Required work:
Write out all the data verbatim. Skip images.

Start of Data extract

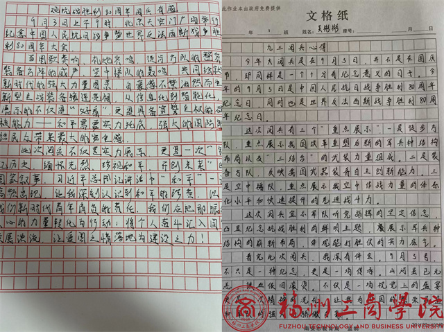 此次活动特色鲜明,成效显著。一是将观看阅兵与写作实践相结合,要求每位学生在观看后提交观后感,引导大家从被动观看到主动思考,深化对阅兵意义的理解。二是开展专业特色教育,鼓励学生结合自身专业,重点关注阅兵式中展示的先进军事科技,撰写具有工科特色的技术分析型观后感,培养学生的专业认同感和科技报国志向。三是构建"观看-思考-表达"的全流程教育模式,通过观后感评选、优秀作品展示等环节,延伸教育链条,强化教育效果。
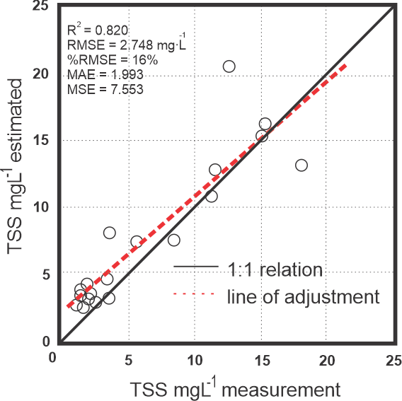 The fieldwork carried out in April 2015 was used to validate the model (Figure 4). The data collected in this sampling campaign confirm that the performance of the algorithm remains satisfactory to retrieve the values of the TSS variable (R2 = 0.82; RMSE 2.74). The results coming from the statistical estimators indicate that the model used (Figure 5) shows an adequate degree of accuracy and consistency in predictive results (Figure 6).
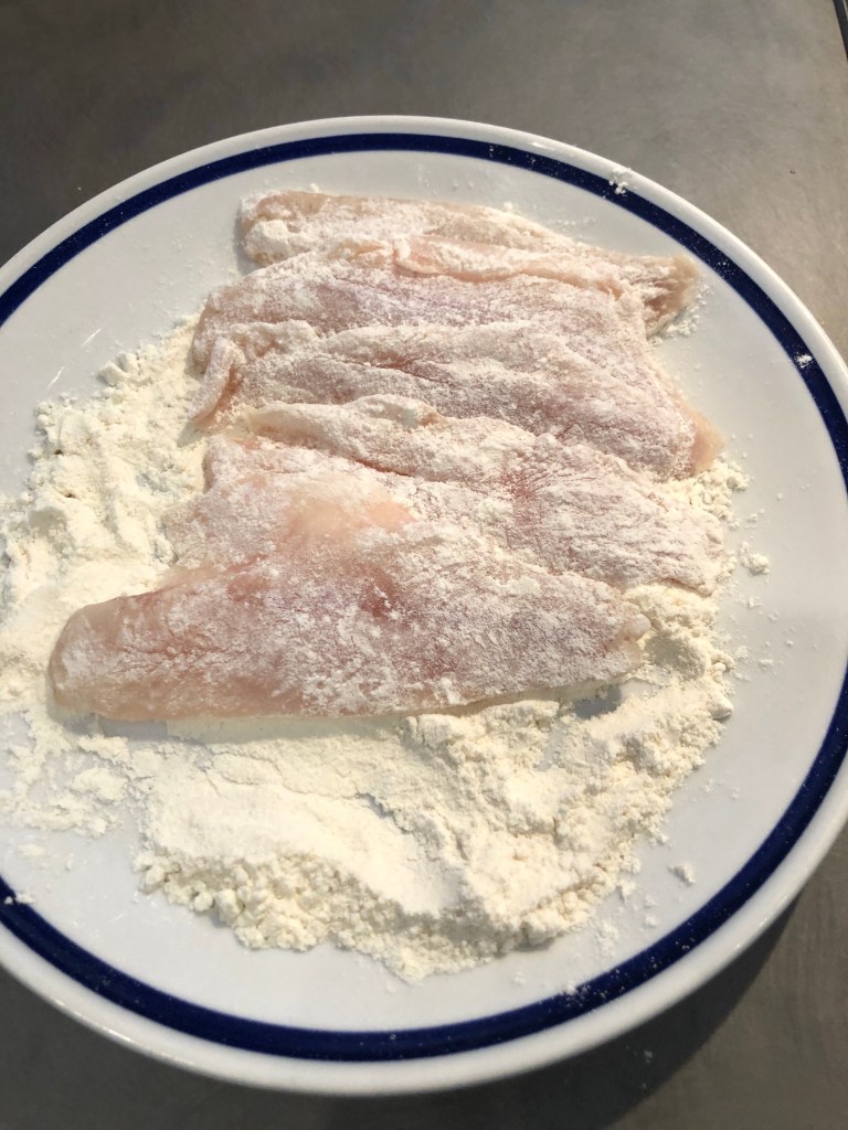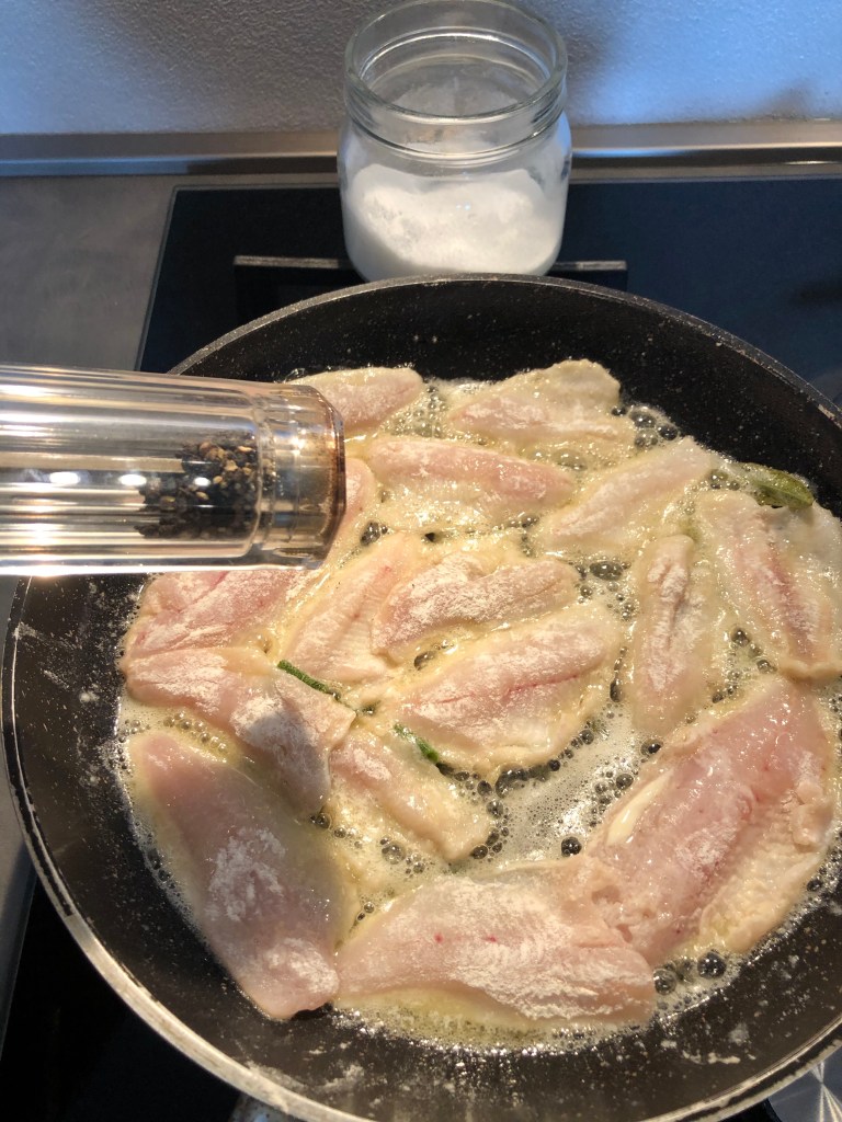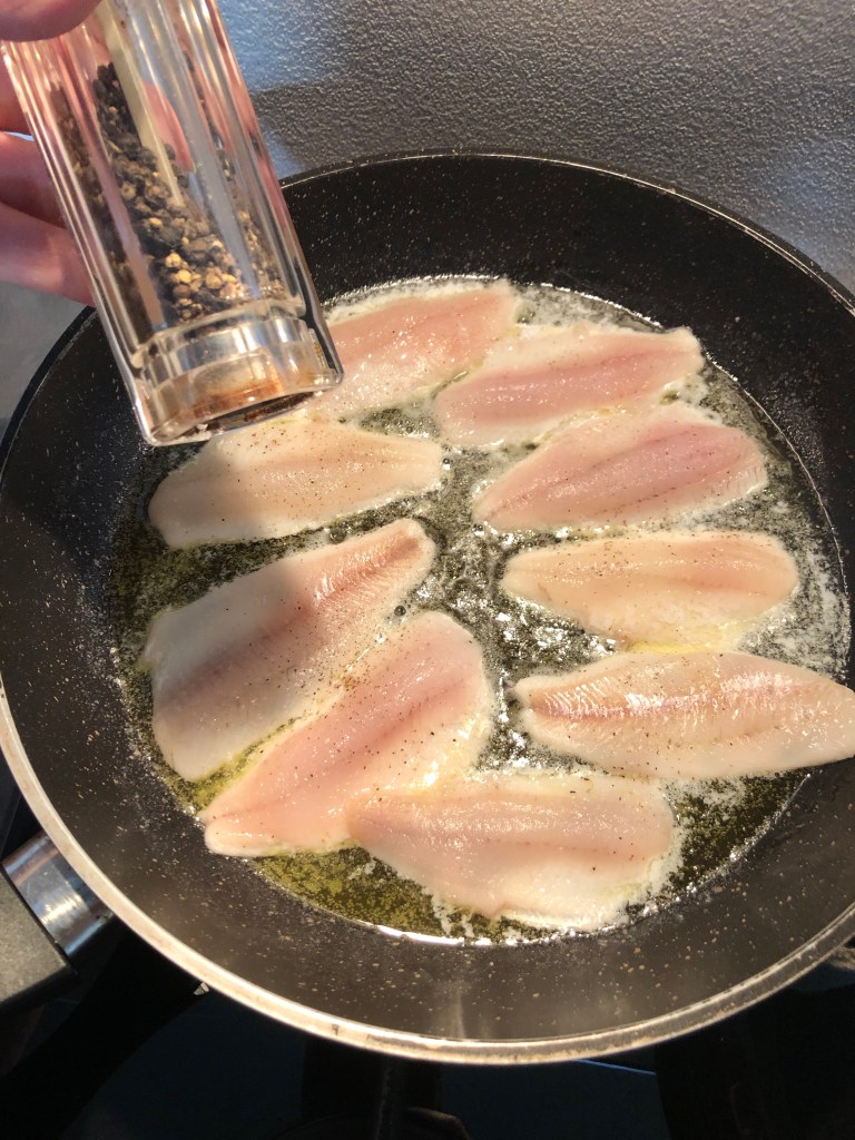 Elimino tutte le lische dal filetto di trota lascio la pelle e lo cuocio in una padella con pochissimo olio, aggiungo sale e pepe

End of Data extract

Response to the exercise:
 此次活动特色鲜明,成效显著。一是将观看阅兵与写作实践相结合,要求每位学生在观看后提交观后感,引导大家从被动观看到主动思考,深化对阅兵意义的理解。二是开展专业特色教育,鼓励学生结合自身专业,重点关注阅兵式中展示的先进军事科技,撰写具有工科特色的技术分析型观后感,培养学生的专业认同感和科技报国志向。三是构建"观看-思考-表达"的全流程教育模式,通过观后感评选、优秀作品展示等环节,延伸教育链条,强化教育效果。
 The fieldwork carried out in April 2015 was used to validate the model (Figure 4). The data collected in this sampling campaign confirm that the performance of the algorithm remains satisfactory to retrieve the values of the TSS variable (R2 = 0.82; RMSE 2.74). The results coming from the statistical estimators indicate that the model used (Figure 5) shows an adequate degree of accuracy and consistency in predictive results (Figure 6).
 Elimino tutte le lische dal filetto di trota lascio la pelle e lo cuocio in una padella con pochissimo olio, aggiungo sale e pepe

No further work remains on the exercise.